- Developer: IBM
- Working state: Historic
- Initial release: 1960; 65 years ago
- Supported platforms: IBM 7090 and IBM 7094
- License: Proprietary
- Preceded by: SHARE Operating System

= IBM 7090/94 IBSYS =

Early-to-mid 1960s operating system for the scientific line of IBM mainframes

IBSYS is a discontinued tape-based operating system that IBM supplied with its IBM 709, IBM 7090 and IBM 7094 computers, and a significantly different, though similar operating system provided with IBM 7040 and IBM 7044 computers. IBSYS was based on FORTRAN Monitor System (FMS) and (more likely) Bell Labs' "BESYS" rather than the SHARE Operating System.
IBSYS directly supported several older computer language compilers and assemblers on the $EXECUTE card: 9PAC, FORTRAN and IBSFAP. Newer language processors ran under IBJOB.

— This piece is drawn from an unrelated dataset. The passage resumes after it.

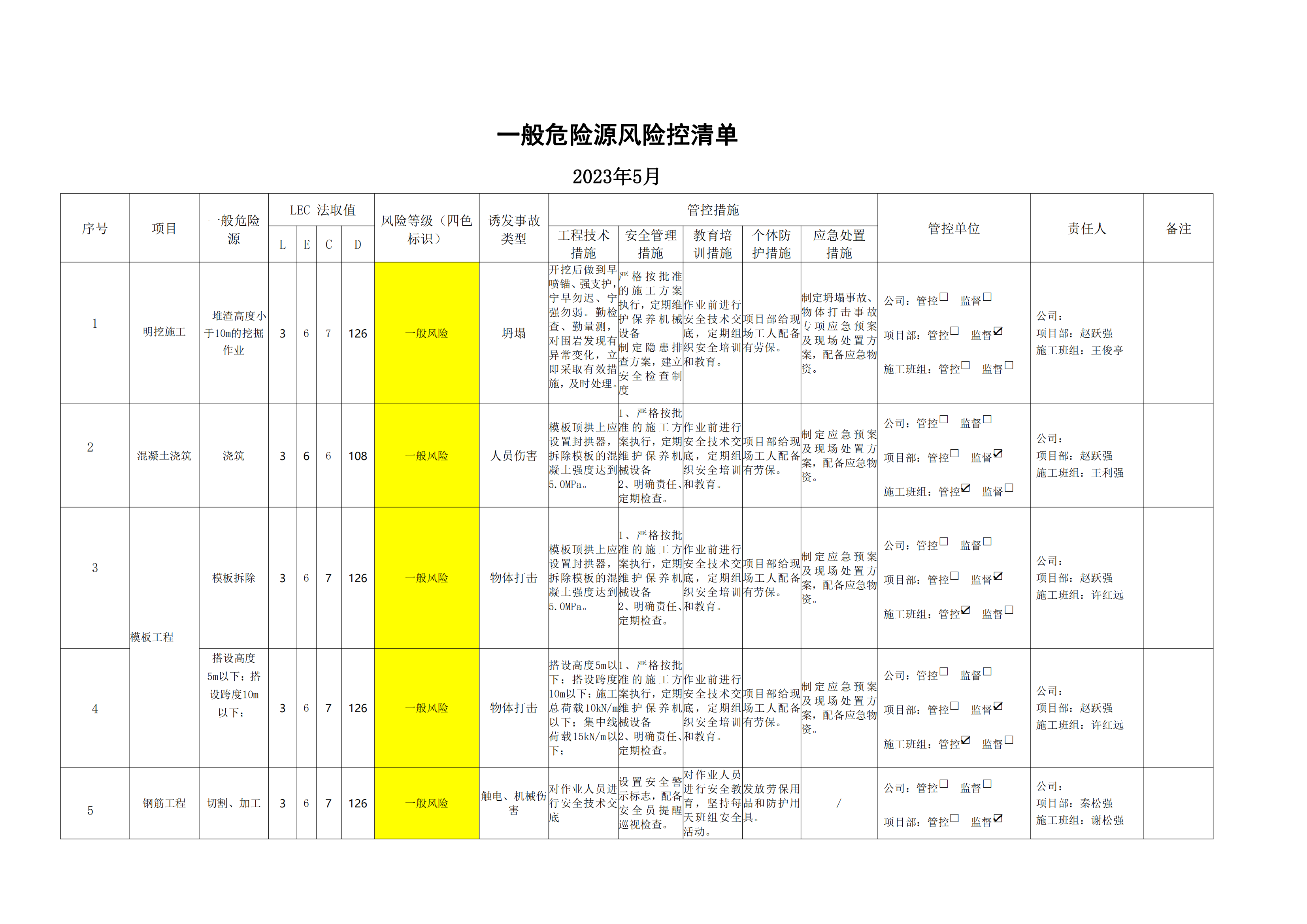 小浪底南岸灌區(qū)7標項目危險源風險分級管控清單(5月)

IBM later provided similar facilities for the 7040/7044 as IBM 7040/7044 Operating System (16K/32K) 7040-PR-150 and for the IBM 1410/IBM 7010 as IBM 1410/7010 Operating System 1410-PR-155.

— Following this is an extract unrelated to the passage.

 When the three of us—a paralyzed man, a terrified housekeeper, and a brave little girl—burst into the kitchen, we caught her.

==IBSYS System Supervisor==

IBSYS itself is a resident monitor program, that reads control card images placed between the decks of program and data cards of individual jobs. An IBSYS control card (Note: The control cards included
- $*
 Comment
- $EXECUTE
 Call named subsystem, e.g., compiler, IBJOB, utility
- $IBSYS
Reinitialize System Supervisor
- $IOCS
- $ID
 Call installation accounting routine
- $JOB
 Set up new job
- $STOP
 End a batch of jobs) begins with a "$" in column 1, immediately followed by a Control Name that selects the various IBSYS utility programs needed to set up and run the job. These card deck images are usually read from magnetic tapes prepared offline, not directly from the card reader.

==IBJOB Processor==
The IBJOB Processor is a subsystem that runs under the IBSYS System Supervisor. It reads control cards that request, e.g., compilation, execution. The languages supported include COBOL. Commercial Translator (COMTRAN), Fortran IV (IBFTC) and Macro Assembly Program (IBMAP).